A standard Encoder-Decoder architecture with Bahdanau-style attention was implemented:

  1. Encoder (EncoderLSTM):

    • An nn.Embedding layer maps input token IDs to ENC_EMBED_DIM-dimensional vectors.
    • Dropout is applied to embeddings.
    • An nn.LSTM (multi-layer, N_LAYERS=2) processes the padded sequences. pack_padded_sequence is used before the LSTM and pad_packed_sequence after to handle variable-length inputs efficiently.
    • Outputs the LSTM's output sequence (for attention) and the final hidden and cell states (to initialize the decoder).
  2. Attention (Attention):

    • A feed-forward network calculates attention scores (energy) based on the previous decoder hidden state and all encoder outputs.
    • A tanh activation is used.
    • A final linear layer (v) reduces the energy to a single score per encoder timestep.
    • softmax converts scores to attention weights.
    • Input padding mask is applied to prevent attention over <PAD> tokens.
  3. Decoder (DecoderLSTM):

    • An nn.Embedding layer maps target token IDs to DEC_EMBED_DIM-dimensional vectors.
    • Dropout is applied.
    • At each timestep t:
      • Takes the previous predicted token's embedding (input), the previous hidden/cell states, and all encoder outputs.
      • Calculates attention weights using the Attention module based on the current hidden state and encoder outputs.
      • Computes a weighted context vector by multiplying attention weights with encoder outputs.
      • Concatenates the input embedding and the context vector.
      • Feeds this concatenated vector into the nn.LSTM (multi-layer, N_LAYERS=2), using the previous hidden/cell states.
      • The LSTM outputs the new hidden/cell states and an output vector.
      • A final linear layer (fc_out) projects the concatenation of the LSTM output, the context vector, and the input embedding to the size of the decoder vocabulary, producing logits.
  4. Seq2Seq Wrapper (LSTMSeq2Seq):

    • Combines the Encoder and Decoder.
    • Implements the forward pass, handling the flow from encoder to decoder.
    • Includes Teacher Forcing during training: With probability teacher_forcing_ratio, the true target token is fed as the next input; otherwise, the decoder's own prediction (argmax of logits) is used.

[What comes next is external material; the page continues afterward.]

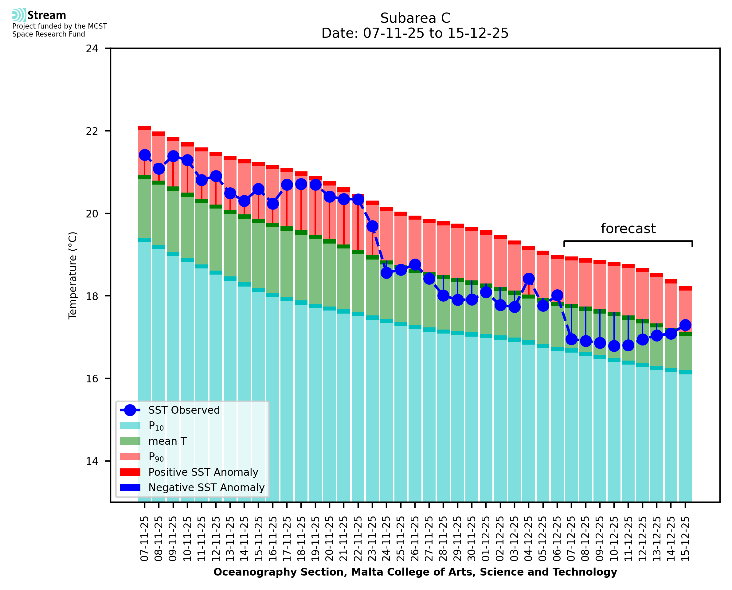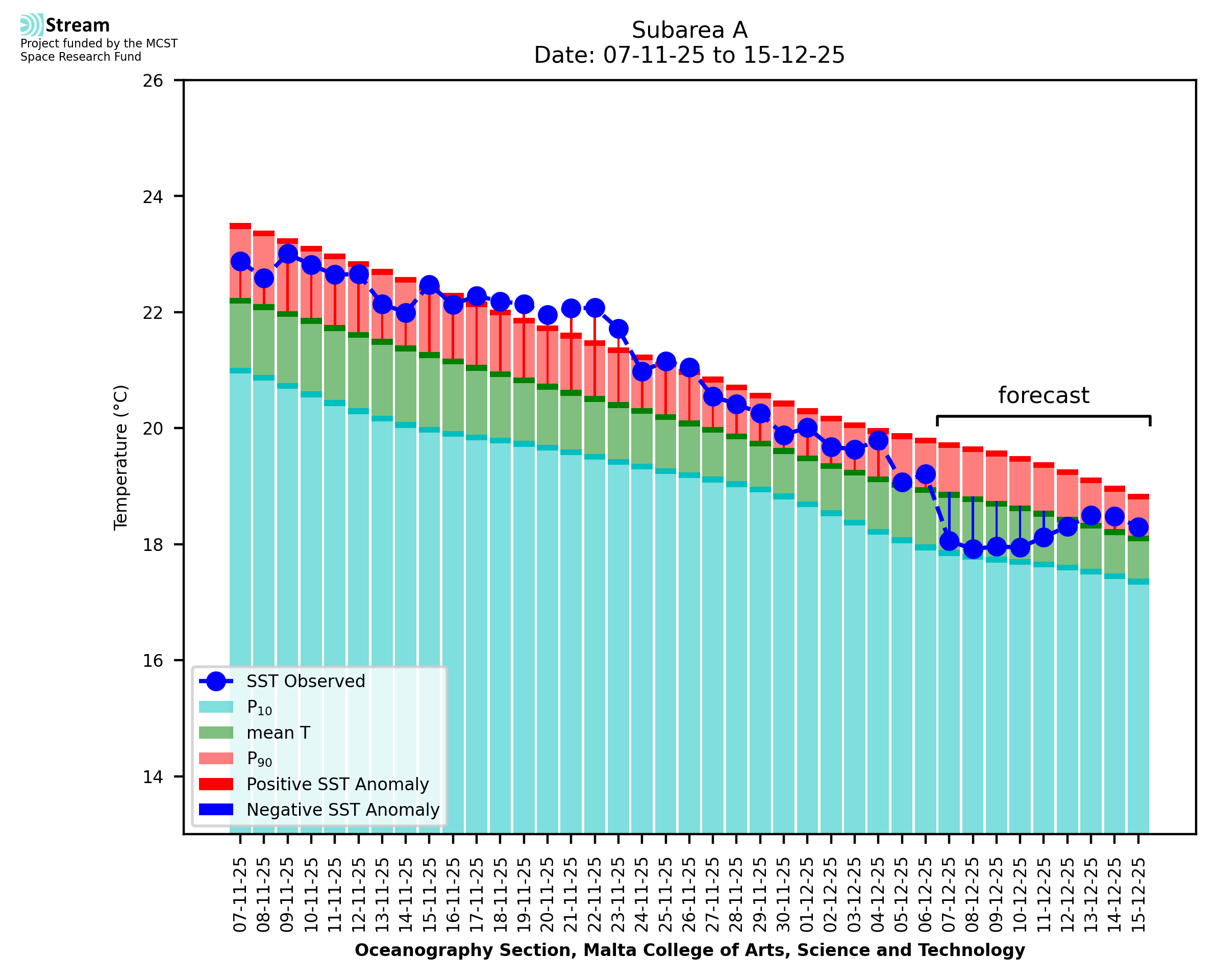Elaborated by STREAM, the service provides daily analysis of sea surface temperature (SST) anomalies, including spatial maps for marine heat wave occurrence and intensity in the Malta shelf area. The service is based on ultra high resolution SST nighttime observations made by the infrared sensors mounted on different satellite platforms. Personalised user requests for detailed pixel-based data visualisation and access are available operationally on the STREAM web and mobile app.

Teacher forcing is disabled during validation/evaluation.
    • Creates the source padding mask.

Training

  • Loss Function: nn.CrossEntropyLoss with ignore_index set to the PAD token ID. Weighted Cross Entropy was used (via the weight argument), assigning higher weights to less frequent but important tokens (like degree markers x{i} and exponents E{i}) to encourage the model to predict them correctly. Weights were defined in the Tokenizer.
  • Optimizer: AdamW (Adam with decoupled weight decay, LEARNING_RATE=1e-4, WEIGHT_DECAY=0.01).
  • Scheduler: CosineAnnealingLR (T_max=50) to cyclically adjust the learning rate.
  • Gradient Clipping: Applied (clip=1.0) to prevent exploding gradients.
  • Training Loop (train_one_epoch): Standard PyTorch training loop iterating through batches, calculating loss, backpropagating, and updating weights.
  • Validation Loop (validate): Evaluates the model on the validation set after each epoch without teacher forcing.
  • Early Stopping: Training stops if the validation loss doesn't improve for a patience number of epochs (10 used here). The best model state dict based on validation loss is saved.

Evaluation

  • Inference (evaluate_model):
    • The trained model (best checkpoint loaded) generates predictions autoregressively on the test set.
    • For each input function, the encoder runs once.
    • The decoder starts with the SOS token. At each step, it predicts the next token based on its previous output.
    • Finite State Prediction (finite_state_prediction): To ensure syntactically valid output sequences (e.g., a sign must follow a degree marker, digits must follow an exponent), a simple Finite State Machine (FSM) logic was added during inference. Based on the expected token type (degree, sign, exponent, number digit), the prediction is constrained to only valid tokens for that state by selecting the argmax only from the logits corresponding to valid next tokens.
    • Decoding stops when EOS is predicted or a maximum length is reached.
  • Metrics:
    • Coefficient RMSE (coeff_rmse): Calculates the Root Mean Squared Error between the predicted and target coefficient vectors.
    • Polynomial RMSE (polynomial_rmse): Samples n=100 points in the range x_range=(-1, 1), evaluates the predicted and target polynomials at these points, and calculates the RMSE between the function values. This measures the functional similarity.

Results

The trained LSTM model achieved:

  • Polynomial RMSE: ~323.21
  • Coefficient RMSE: ~315.13

The relatively high RMSE suggests the LSTM model struggled to achieve high precision, potentially due to the complexity of the symbolic mapping, the limitations of the dataset size, or the inherent challenges LSTMs face with very long-range dependencies compared to Transformers. The Finite State Prediction helps generate valid sequences but doesn't guarantee numerical accuracy.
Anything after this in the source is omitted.